Centralising the student
It is all about them. They are at the heart of this experience. It’s about helping them to reach their goals. So encouragement, management, discipline - all these things are key. But that’s the human-interaction side of things, and if you’re a teacher then you’re probably pretty good at that.
More than just being of utmost importance, the student is pivotal in determining the objectives and structure of your teaching. It’s vital to take their needs into account at the most fundamental level, and adapt your approach to their abilities, aspirations and learning preferences.
So as well as tailoring the scope and structure of your teaching to their needs, adapt the content as well. Whether you’re teaching them to read sheet music solely or to read and play an instrument, give them the scope to choose their repertoire. When giving examples or assigning practice works, call on music that excites them, or suggest new discoveries that might suit their tastes.
Try to utilise material that you love, too. It’s easier to get enthusiastic about, and not only is enthusiasm contagious, but it also facilitates connection and communication. Identify where your tastes overlap and seize on that, so that passion and information can be more easily transferred.
An important notion in this context is that of ‘environment’. Generating the right kind of learning environment is arguably no less critical than introducing theoretical concepts in the right order, or determining the right study repertoire.

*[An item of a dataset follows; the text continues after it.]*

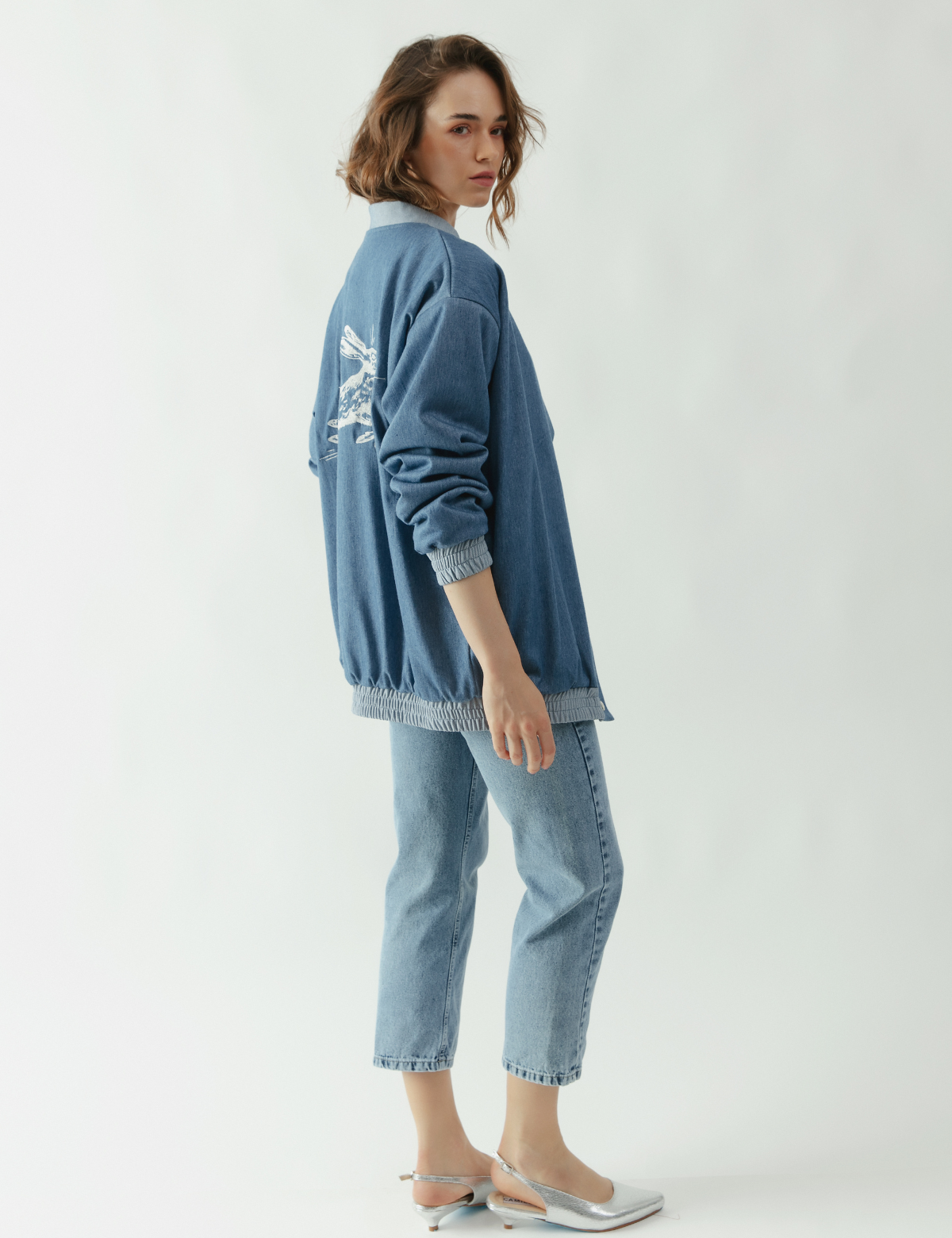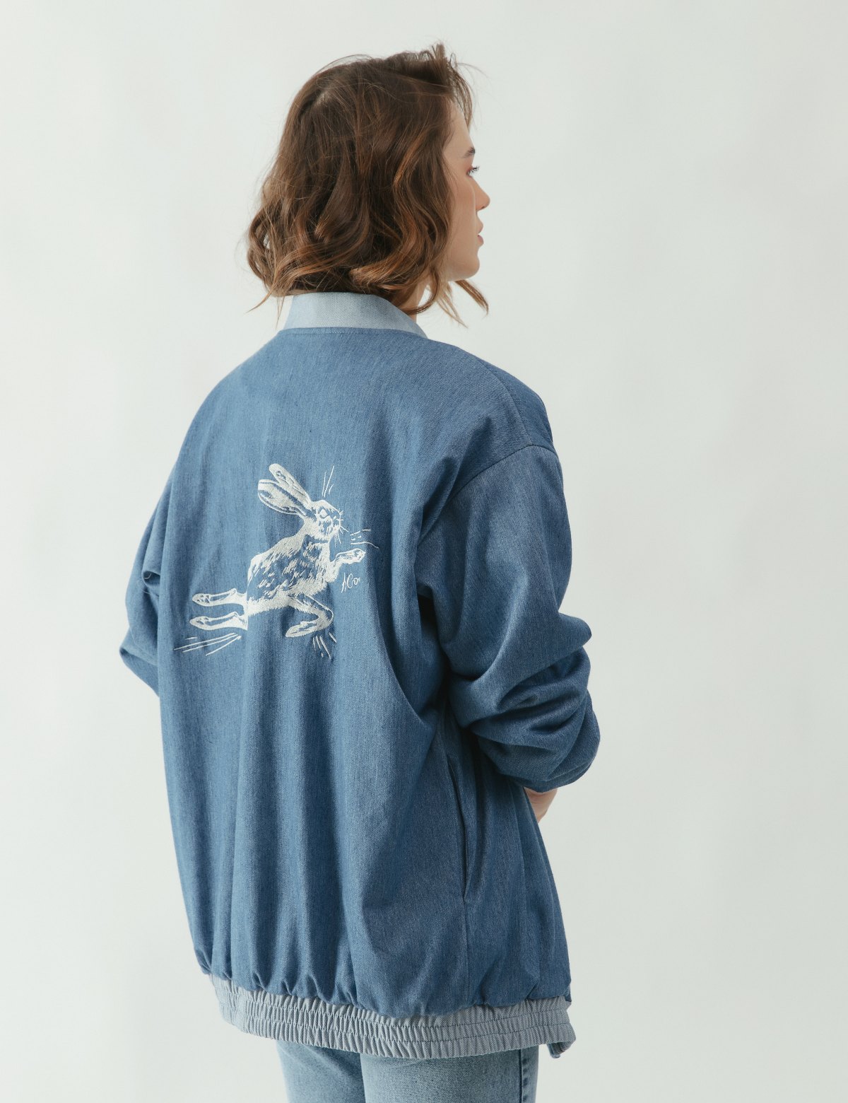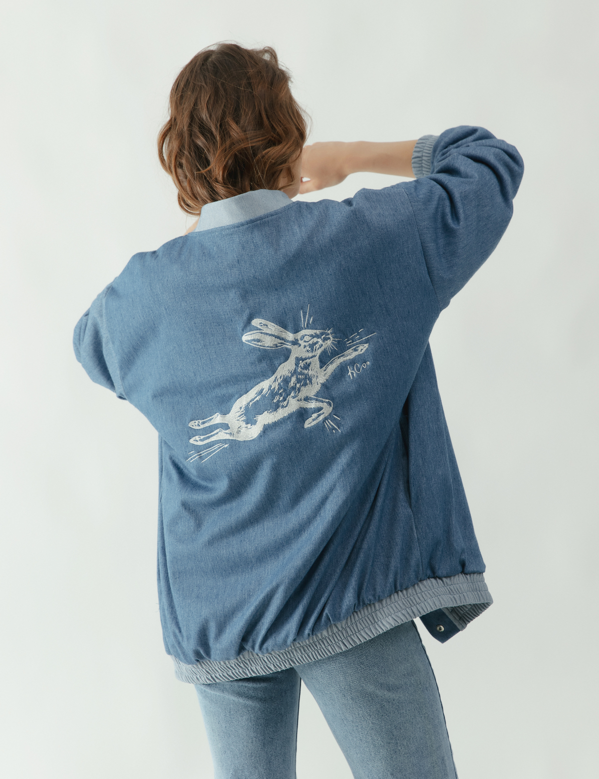 • Bordado de conejo saltando estampada en la espalda, ícono distintivo de la colección.

Prominent alternative approaches to music education, such as the Suzuki and Kodály methods (we revisit these below), revolve around this idea. The former strives to foster a linguistic understanding of music in children through aural learning, collective exercises and performance, and the avoidance of traditional aptitude tests - all in a community setting saturated with musical activities and events.
The latter, a slightly more methodical school, also emphasises learning by ear before the introduction of notation. It advocates an alternative rhythm-counting system as well as an approach to teaching pitch based on solfège, which we’ll come back to later on. A tenet of Kodály’s philosophy is that the scope of teaching should be entirely configured according to the abilities of the student.
Both methods rely on the establishment of a learning environment integrated around music that ultimately prioritises the experience, progress and requirements of the learner. Of course the potential for personalisation is restricted when multiple students are being taught, but both these methods still involve group teaching in conventional practice.
You’d be surprised how far covering a teaching space in musical paraphernalia can go (pictures and bios of composers, glossaries, timelines, sheet-music diagrams) when it comes to engendering this sense of environment, and facilitating progress and growth.